我很奇怪安琪怎么一下子不那么热情了,那天晚上我不过没有让她从我身上占到便宜而已,难道没有获得情欲的宣泄,真的让自己内心郁闷到崩溃或者三天不理睬人的地步?但她和我上下级的关系没有变,公司的业务安琪还得要过问,这天早上高层例会,我进入会议室比较晚,抽完晨烟撒完晨尿后,发现若干高层加上安琪都已经各就各座。我向自己的位置走去,突然发现与我邻座的多出一个人来,面孔颇有几分相熟,却又不晓得在哪里见过,可以肯定的是,绝不是公司内部管理人员。安琪看到我脸上的疑云,待我甫一坐定便伸手介绍道:“刘总,这位是陈西南先生,你肯定认识的。”接着面向大家说,“这位陈先生是名牌大学毕业生,刚从国外留学回来,他将受聘为‘天成’广告公司副总经理一职,希望大家以后精诚协作,共同打造公司新的辉煌。”

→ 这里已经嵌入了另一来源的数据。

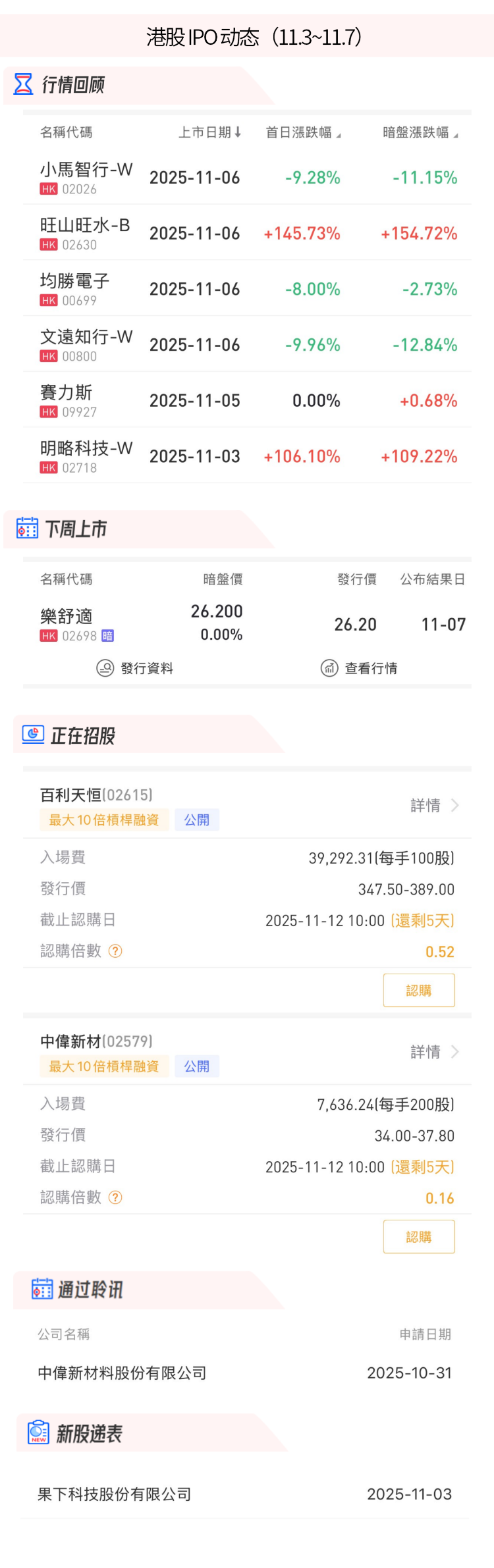 公司拟全球发售1.04亿股股份,其中香港公开发售占10%,国际发售占90%,另有15%超额配股权,获基石认购2.14亿美元;每股发售价34-37.8港元,每手200股,一手入场费7636.24港元。截至发稿,孖展认购倍数达1.95倍。公司是锂离子电池用镍系和钴系正极活性材料前驱体(pCAM)的全球领导者,自2020年起连续五年出货量排名第一。截至2024年及2025年6月30日止六个月,公司收入由200.86亿元增加至213.23亿元。中伟新材将于下周五(11月14日)暗盘。

我想起来了,这个陈西南不就是当年那个追求安琪的某副校长之子吗,几年时间怎么长成这个样子?以前的小白脸被晒成黑黝黝的颜色,想必出的国不是南非就是北非吧;头发也没有以前茂盛,是不是在名牌大学里毕不了业费尽心思弄文凭所致?否则怎么好好的跑这儿来了。这其中或许有什么猫腻,安琪如此安排又事先未与我沟通,她一定生我没有跟她好的气,用一个脸蛋比我还黑,头发比我还少的旧追求者来刺激我,说真的,心里还真怪难受的,悔不该那晚故意挑逗她又弃她而去,缺乏起码的关怀女性生理状况的人道主义精神。
陈西南欠起身打了个招呼,我态度先前比较冷漠,看他站起来后个子也没我高,便很宽容的说:“坐、坐,欢迎陈总加入我们的公司,大家欢迎。”随后,掌声打破尴尬的场面急促而热烈的响起来。

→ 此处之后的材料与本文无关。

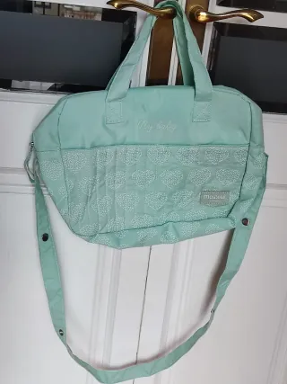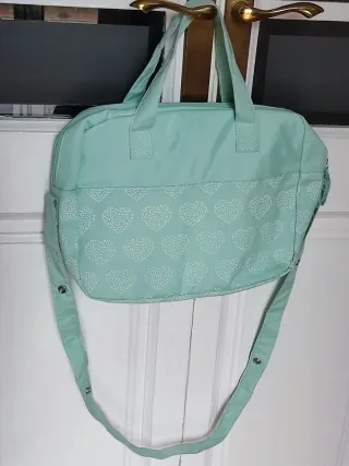Bolso de maternidad de la marca Mustela en color mint, con un bonito estampado de corazones. - Diseño acolchado con corazones blancos. - Incluye asas de mano y correa ajustable para colgar. - Cierre de cremallera.

掌声还没停下来,安琪便站起来匆匆离开会场,陈西南跟着出去,我伸出一只腿挡住他说:“陈总留下来,我们沟通一下工作吧。”
陈西南微笑道:“不必了,刘总,安董事长希望我每个月对公司业务进行系统的考核和总结,其他具体工作的事还是有劳刘总了。”说完,陈西南绕开我的腿轻松跨出门口。我站起来吸了一口痰,想吐在地上,一时又未找着纸篓,只得含混不清嘀咕了几句,谁也听不清。
安琪想架空我,我发现一旦跟她保持距离便失去对我的信任,想出安插这么一个人来公司的鬼主意。我不太在意她怎么弄,反正公司是她的,赚不到钱,我屁股一拍可以走人,亏不了我的老本。转过头一想,又觉得自己挺没职业道德的,不为公司考虑,也得为自己名誉打算,可不能消极怠工,那样就会走毕小剑的路子。看来,还是得与安琪沟通沟通。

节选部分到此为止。